_EXERCISE DETAILS_. Required from the data below: the exact lines starting at the line containing "New Price! Seller" and ending at the line containing "Attractive Violet Colored", with both ends kept and all pictures dropped.

_SOURCE DATA_.
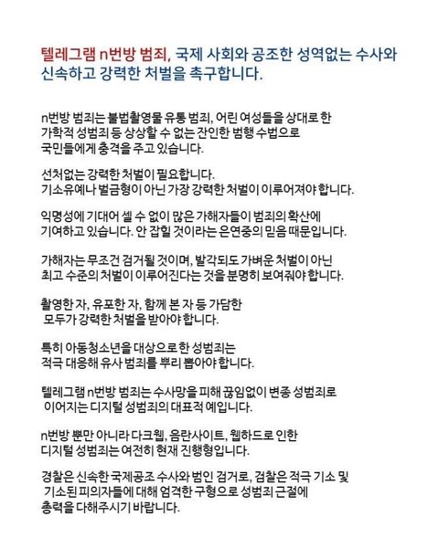 텔레그램 n번방 가입자 전원의 신상공개를 원합니다
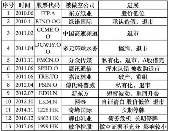 除了近日中枪的瑞幸、好未来、爱奇艺外,还有辉山乳业、东方纸业、绿诺科技、中国高速频道、多元环球水务、嘉汉林业、展讯通信、分众传媒、网秦、奇峰国际等,战绩累累。
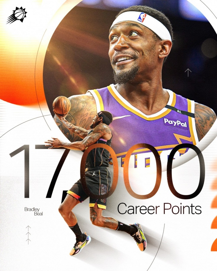 2025-02-21 17:48:19小里程碑走一个!比尔生涯总得分跨过17000分大关
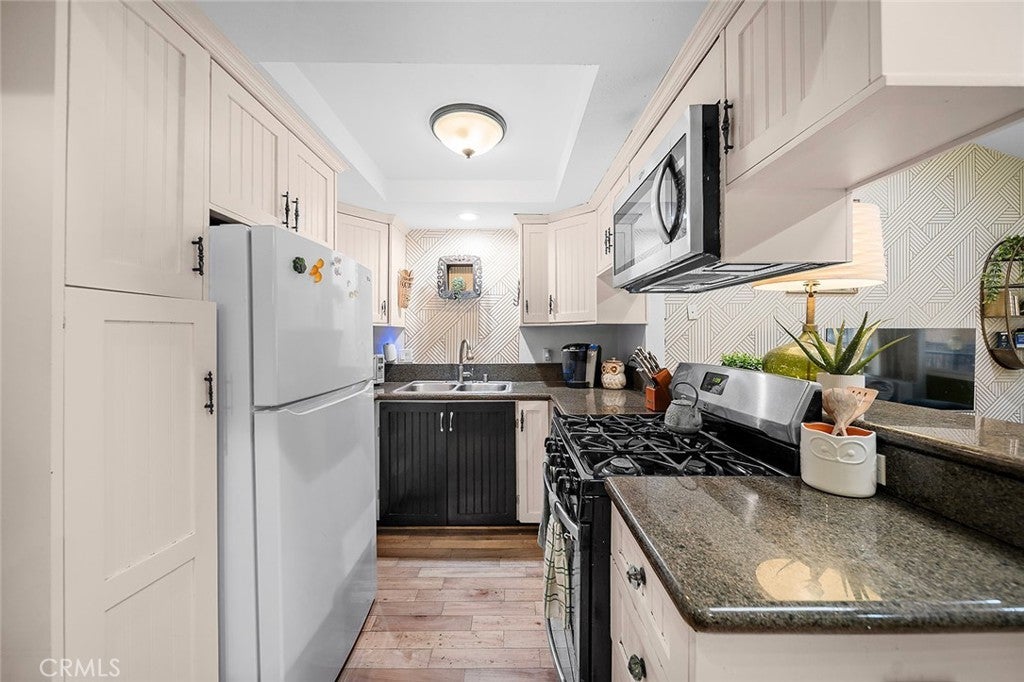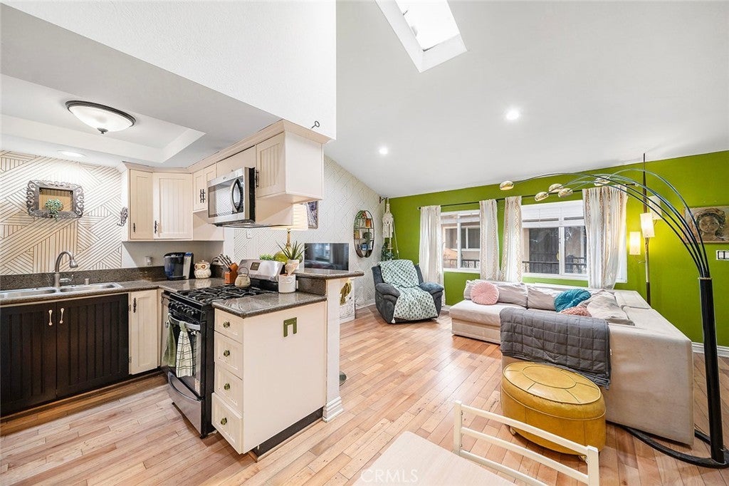New Price! Seller offering a credit of 12 months worth of HOA Dues! This is a small private complex with secure gated entry and gated parking garage. Ideal for first-time buyers or investors, this home comes equipped with a refrigerator, dishwasher, gas range, microhood, and an in-unit COMBO washer/dryer for ultimate convenience. Enjoy the open feeling of vaulted ceilings and abundant natural light from the skylight in the living room, complemented by elegant hardwood floors in both the living area and kitchen. Both bedrooms feature new carpeting, and both bathrooms both have tiled shower walls. The primary bedroom also has vaulted ceilings and a dedicated AC Split for ultimate comfort as well as access to the attic, which has been sheeted with plywood for storage or separated space with a dedicated pull down staircase. This condo is ready for you to personalize and make it your own. Step outside to a dedicated gated front patio—perfect for soaking up the Long Beach sunshine or dining alfresco. Additional highlights include two dedicated parking spaces in a secure garage, each with extra overhead storage, plus access to a community laundry facility in addition to your private in unit laundry area. The building offers controlled access for added peace of mind. Don’t miss this opportunity to own a wonderful home in a location that allows easy access to dining, and a short distance from the beach and the freeway!
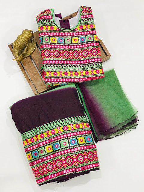 Attractive Violet Colored Embroidery And Sequins Mirror Work Garba Cholis For Girls
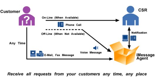 iMessage Agent可與您已有的ACD系統(tǒng)集成,當(dāng)目標(biāo)CSR不在時電話系統(tǒng)就將呼叫交付給iMessage Agent,iMessage Agent接到呼叫之后將對呼叫方進行合適的問候,再將消息存儲在郵件服務(wù)器中。根據(jù)預(yù)定義的規(guī)則,消息會被隨后路由到正確的消息框中。
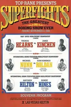 The Hearns–Kinchen fight was the main event of a fight card dubbed Superfights which also featured IBF middleweight champion Michael Nunn successfully defending his title against Juan Roldán and Robert Hines besting IBF light middleweight champion Matthew Hilton to capture that title.
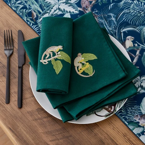 Elevate your dining experience with our set of 4 jungle luxe napkins, featuring green napkins adorned with cheeky monkey embroidery. With 2 designs per set and a recycled polycotton base, these napkins add a playful touch to your table setting.
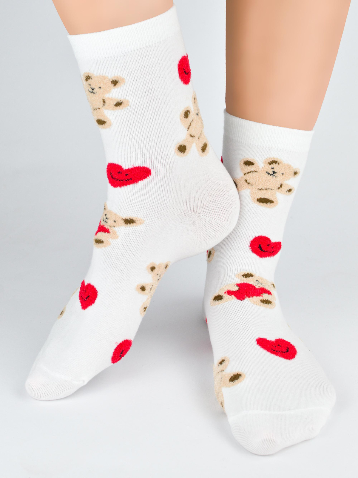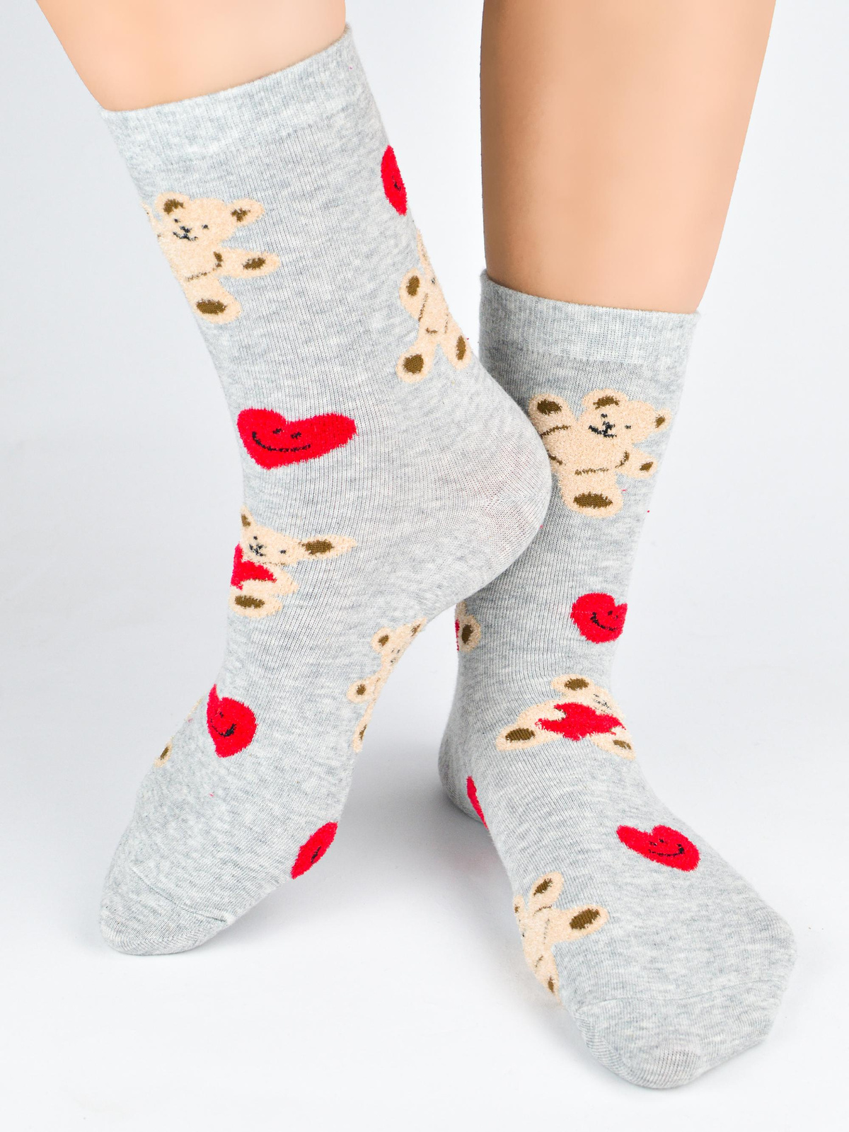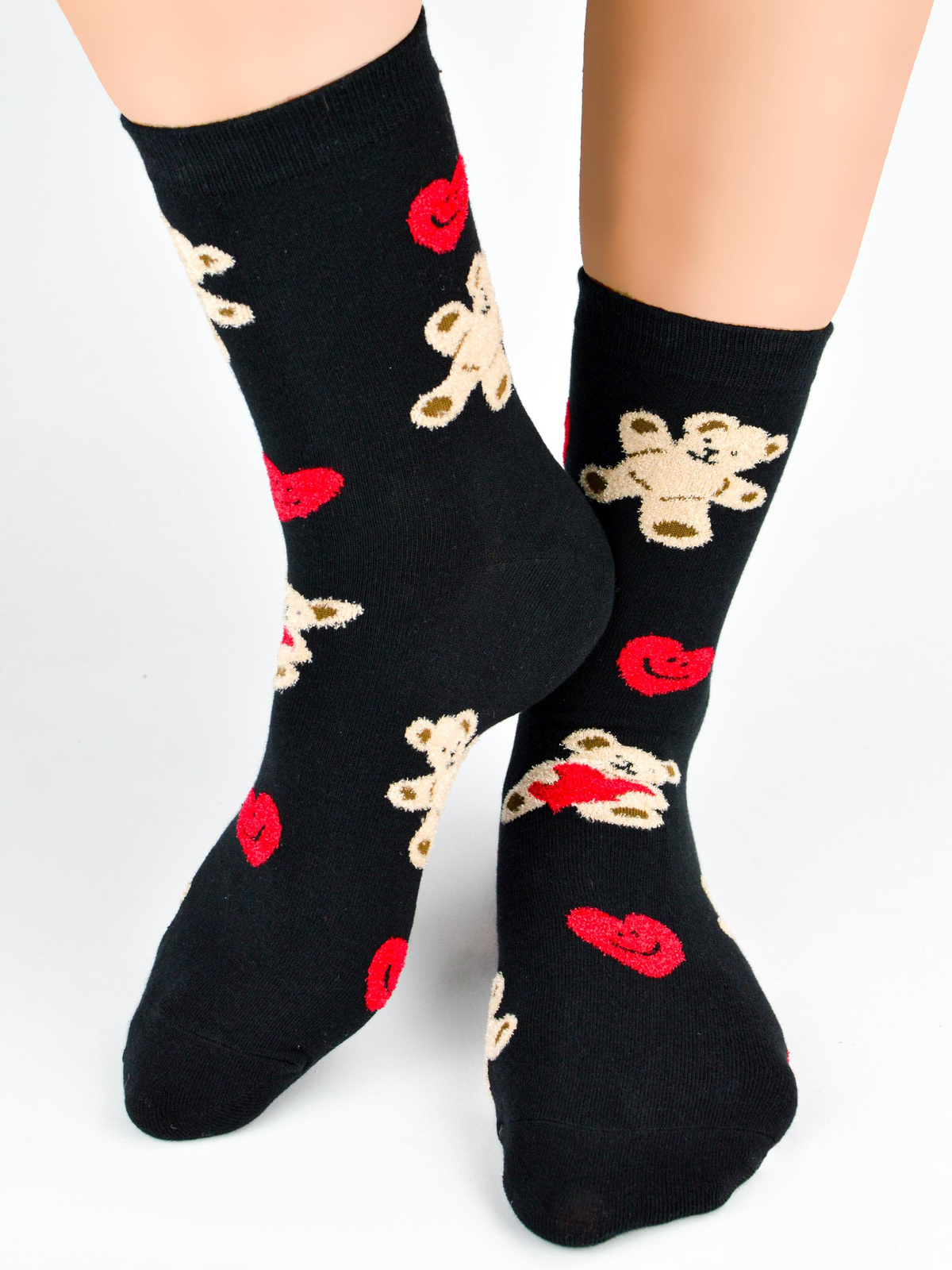 Eleganckie i komfortowe skarpety bawełniane z motywem misia - Noviti SB155
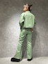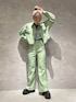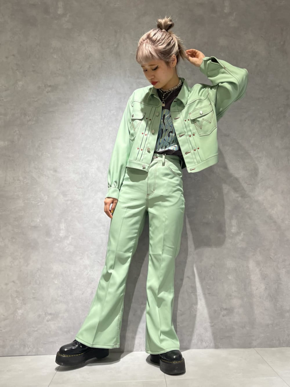 jouetieとWranjlerのコラボアイテム。 このカラー使いはjouetieならでは、そして素材はWranglerならではのランチャー素材といったストレッチ性のある素材がポイント! キャッチーな色味ですが、ブラウンのステッチで大人っぽさを演出。 ジャケットの裾はベルトで調節ができ、見せたいシルエットに変化出来ます! パンツは綺麗にフレアに広がり、脚長交換抜群です! セットアップが明るい色味に対して、締め色のブラックをインナーに合わせました。 ビッグTシャツよりもコンパクトサイズのTシャツがバランスの良いコーデにまとまります。 オールシーズン着回しができるセットアップはマストバイアイテムです!

_ANSWER TO THE EXERCISE_.
New Price! Seller offering a credit of 12 months worth of HOA Dues! This is a small private complex with secure gated entry and gated parking garage. Ideal for first-time buyers or investors, this home comes equipped with a refrigerator, dishwasher, gas range, microhood, and an in-unit COMBO washer/dryer for ultimate convenience. Enjoy the open feeling of vaulted ceilings and abundant natural light from the skylight in the living room, complemented by elegant hardwood floors in both the living area and kitchen. Both bedrooms feature new carpeting, and both bathrooms both have tiled shower walls. The primary bedroom also has vaulted ceilings and a dedicated AC Split for ultimate comfort as well as access to the attic, which has been sheeted with plywood for storage or separated space with a dedicated pull down staircase. This condo is ready for you to personalize and make it your own. Step outside to a dedicated gated front patio—perfect for soaking up the Long Beach sunshine or dining alfresco. Additional highlights include two dedicated parking spaces in a secure garage, each with extra overhead storage, plus access to a community laundry facility in addition to your private in unit laundry area. The building offers controlled access for added peace of mind. Don’t miss this opportunity to own a wonderful home in a location that allows easy access to dining, and a short distance from the beach and the freeway!
 Attractive Violet Colored Embroidery And Sequins Mirror Work Garba Cholis For Girls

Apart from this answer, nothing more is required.